Nurturing Individuality
read more about: mom of a few. parenting strategies.
Published at Caribbean Belle
I remember the days when I had just two kids, I was so confident that I was a pretty good parent, you know, the kind who seldom gave her kids chocolate or candy, who always fed them enough vegetables, who had creative solutions to disciplinary issues, who would never feed them fries or other “unhealthy junk” – and then I had a third kid! The one, who at 1 and a half years old, eats and does things that my eldest didn’t until he was 3!
A third baby really changes the family dynamic, it’s the start of ‘them’ vs ‘us’, it’s no longer an equal battlefield, and the hardest thing is sometimes trying to give each one the attention he deserves. The most obvious changes for me is that my middle child seems to be the one who is always left out, the little one is about a million times more spoilt than his brothers are, and the eldest, I must admit, has turned into a bit of a tyrant! I couldn’t tell you specifically what makes having 3 kids seem like sooo much more than just having 2 kids, but for sure this number seems to really deter babysitting volunteers!
Having the three babies of the same gender made it really easy for me to just treat them all as a “unit”, with blatant disregard for their individuality. In the past year however, as I’ve watched them grow up into little boys, I’ve realized that as much as they totally enjoy one another’s company, they really crave some alone time with both their father and me. It’s sort of an interesting phenomenon that when they are all together, they can be overwhelmingly wicked and intolerable almost; the fighting is unrelenting, and the arguing is interminable, but yet when each is alone, I marvel at their sweetness and thoughtfulness and their ability to suddenly hear me even when I am not screaming!
I’m sure it will come as no surprise that the trick to managing kids and work is balance, and it becomes increasingly important as the number of kids increase. But the amazing thing about little kids is that they cherish time they spend with us, the activity that the time involves is of less significance, and learning this simple aspect of their psyche gives us a wonderful opportunity to achieve this “balance” that we all seek.

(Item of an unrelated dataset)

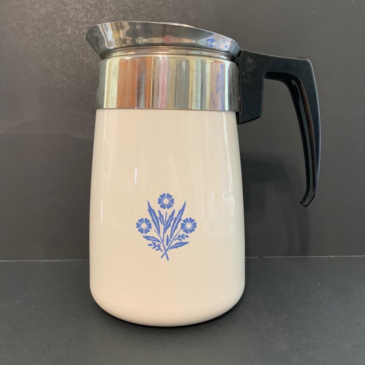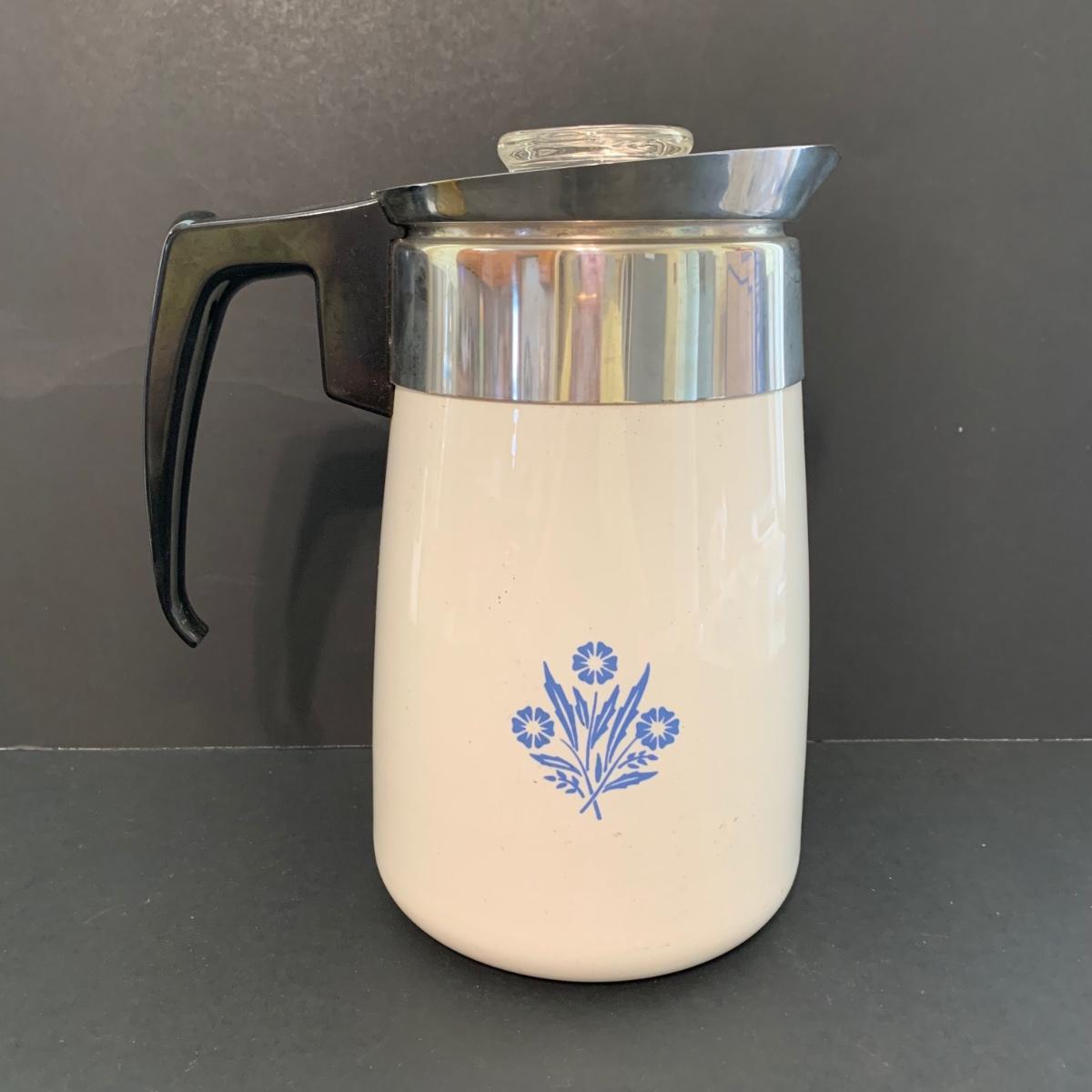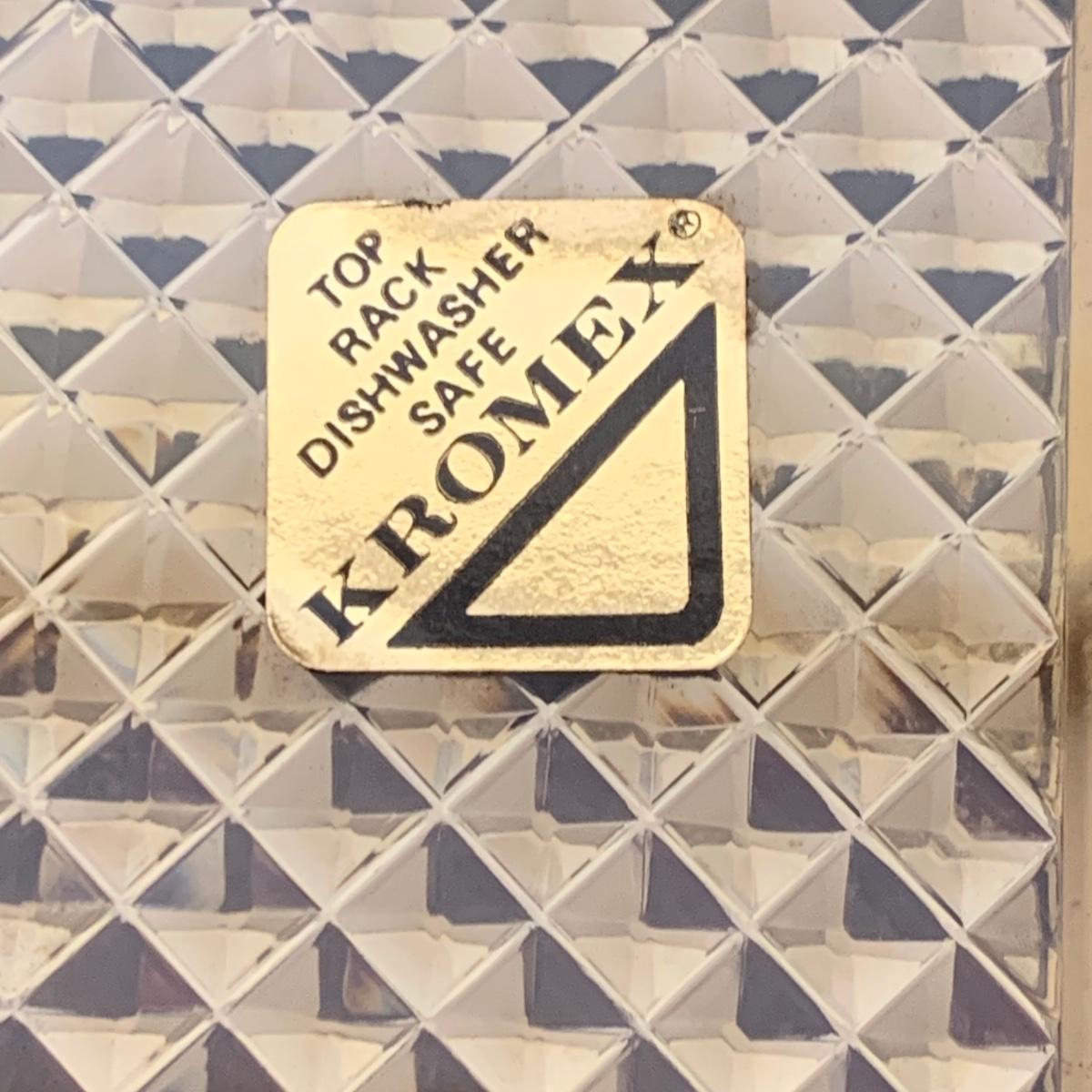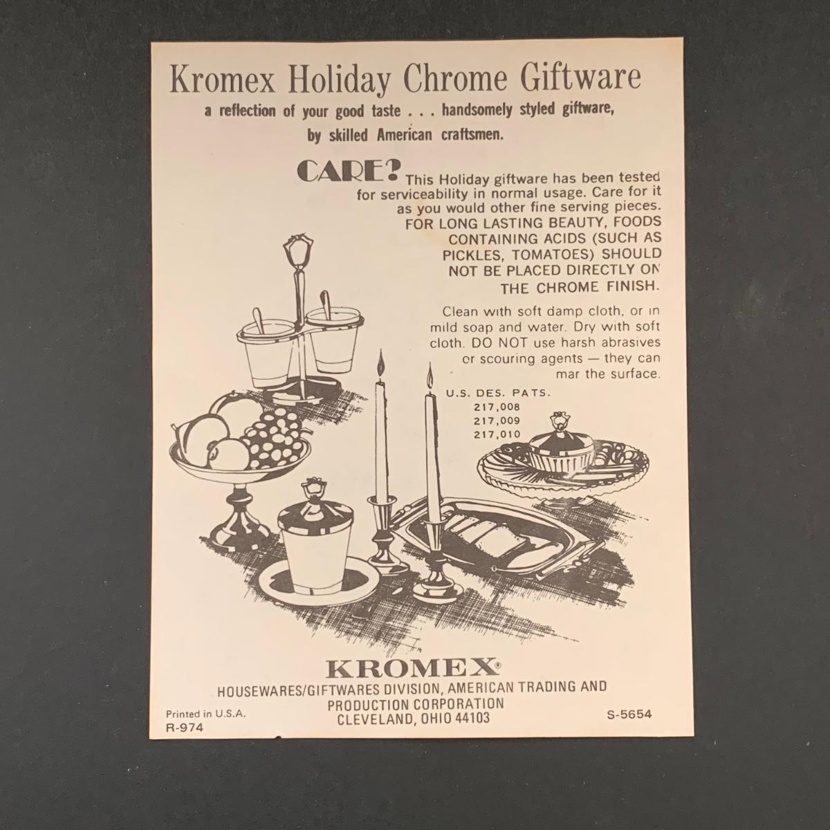 LOT 79: Kromex Holiday Giftware Set, Corning Ware Coffee Percolator Coffee Pot, Hocking Glass Ring Vase, Vintage Federal Glass Amber Square Refrigerator Dish with Lid Ribbed 4" & More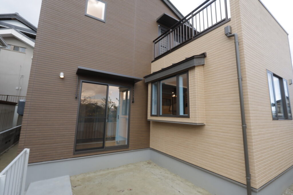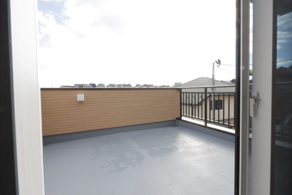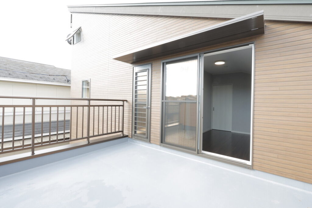 寝室から繋がるバルコニー。バーベキューもできる広さを確保しています。

For me, this realization became crystal clear very early one morning; I really love early morning walks and this one particular morning as I quietly tried to get dressed to leave, my 3 year old son woke up and instead of trying to convince him that he needed to go back to sleep, I just took him along with me. Although I knew that he would like the walk, I really did it just so that I could go, not so much because I saw it as a chance to spend some time alone with him. I was almost astounded that I had such a great time with him on such a simple and impromptu “non-adventure”, you see, I took him to a coffee shop and while I had my coffee, he had a donut and my undivided attention! As I listened to him talk about school, his friends, the fun things that he did, the look of glee on his face just filled up my heart and it became obvious that I would need to do this again.
Now, I really try to work in alone time with each of my kids into both of our schedules, whether it’s a trip to the grocery store to get bread and milk, or shopping for that perfect handbag, or just an early morning walk. Once your kids are confident that you’re enjoying time with them as much as they are with you, I think you’ll find that this is the stuff that those “moments” are made of!